The main CPU 506 sets the high temperature detection temperature (first temperature threshold) to K [° C.] and sets the high temperature detection release temperature (second temperature threshold) to L [° C.] after the optical disk device 1 is powered on. (Step ST1), the seek address near the cooling fan 3 is set to M (Step ST2), and the necessary minimum capacity (capacity threshold) of the data in the buffer memory 503 is set to R (Step ST3).

K, L, M, and R are values given to the main CPU 506 in advance.
The high temperature detection temperature K is, for example, the upper limit value (for example, 85 ° C.) of the operation guarantee temperature at which the optical pickup PU operates stably. The high temperature detection release temperature L is set to a value lower than the high temperature detection temperature K (for example, 60 ° C.).
The required minimum capacity R of data in the buffer memory 503 is a data capacity required for the AV decoder unit 504 to continue reproducing video and audio data when data reading from the optical disk 8 by the optical pickup PU is interrupted.

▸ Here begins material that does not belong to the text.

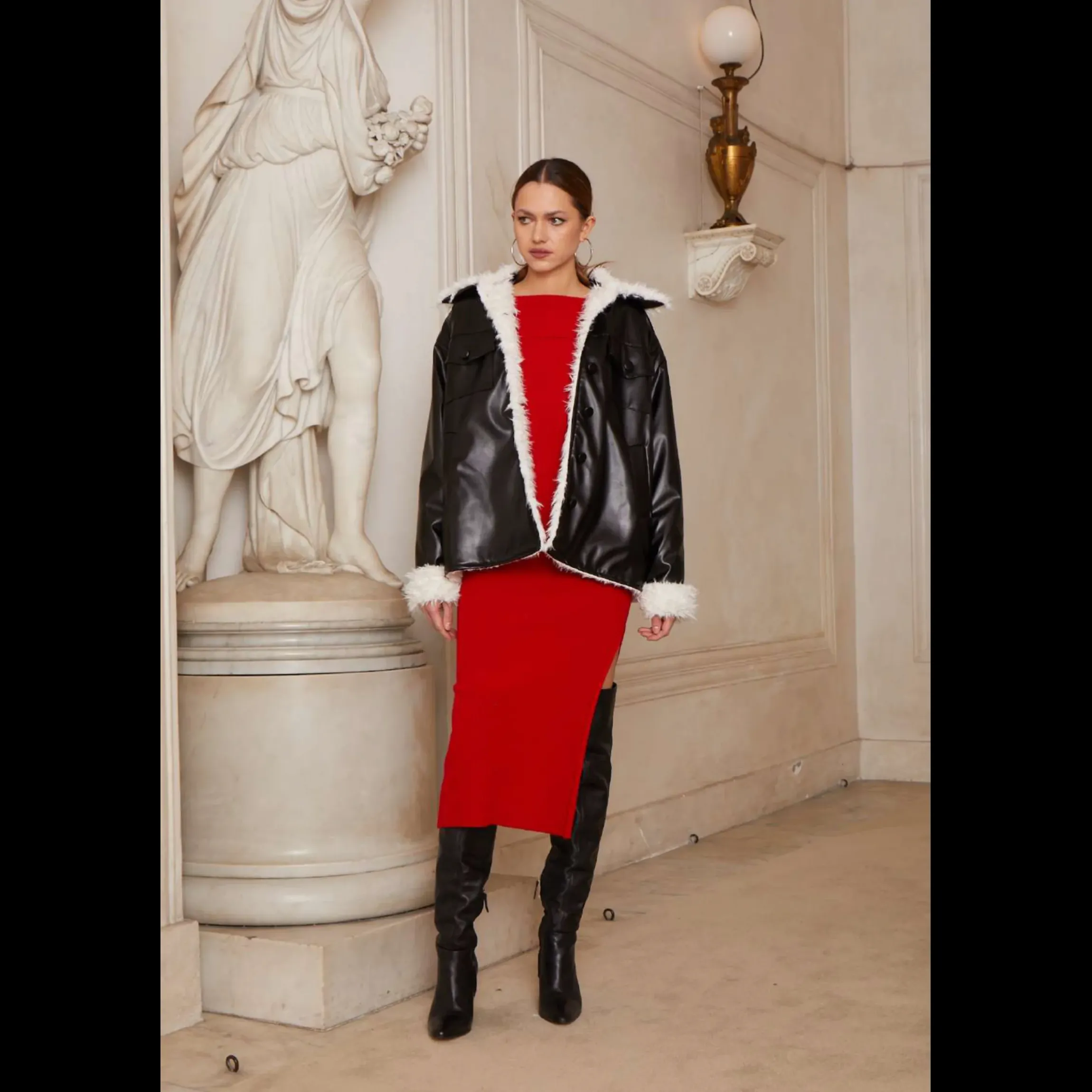 GIUBBOTTO GIULIA N COUTURE, IN ECOPELLE DI COLORE NERO E INTERNO ECOMONTONE DI COLORE BIANCO. BOTTONI FRONTALI E CHIUSURA STILE CAMICIA, CINTA IN VITA,E TASCHE LATERALI.

FIG. 2 schematically shows the arrangement of the optical pickup PU, the guide shaft 403 and the screw shaft 408 among the components accommodated in the optical disc apparatus 1. The optical pickup PU is guided by the guide shaft 403 and reciprocates in the radial direction A.
For example, when the cooling fan 3 is installed at the B1 position of the housing 2, the optical pickup PU is closest to the cooling fan 3 at the B1 position when the optical pickup PU moves to the B2 position. . Alternatively, when the cooling fan 3 is installed at the C1 position of the housing 2, the optical pickup PU is closest to the cooling fan 3 at the C1 position when the optical pickup PU is moved to the C2 position. To do.
In the example of FIG. 2, the position where the optical pickup PU is closest to the cooling fan 3 is the seek address M in order to enhance the cooling effect of the optical pickup PU. However, the position is not limited to this position, and the cooling fan is not limited to this position. It is sufficient if the airflow near 3 is large.

  In step ST4, the main CPU 506 instructs each unit of the optical disc apparatus 1 to start the reproduction operation of the optical disc 8. Further, the main CPU 506 starts monitoring the temperature P [° C.] of the optical pickup PU measured by the temperature sensor 7 and the data capacity Q of the buffer memory 503 (step ST5). When the temperature P of the optical pickup PU is lower than the high temperature detection temperature K (step STST6 “YES”), the main CPU 506 performs the cooling mode (steps ST8 to ST13) during the reproduction operation, and the temperature P of the optical pickup PU is high. When the temperature is equal to or higher than the detected temperature K (step ST6 “NO”), the cooling mode (steps ST14 to ST20) at the time of detecting the high temperature is performed.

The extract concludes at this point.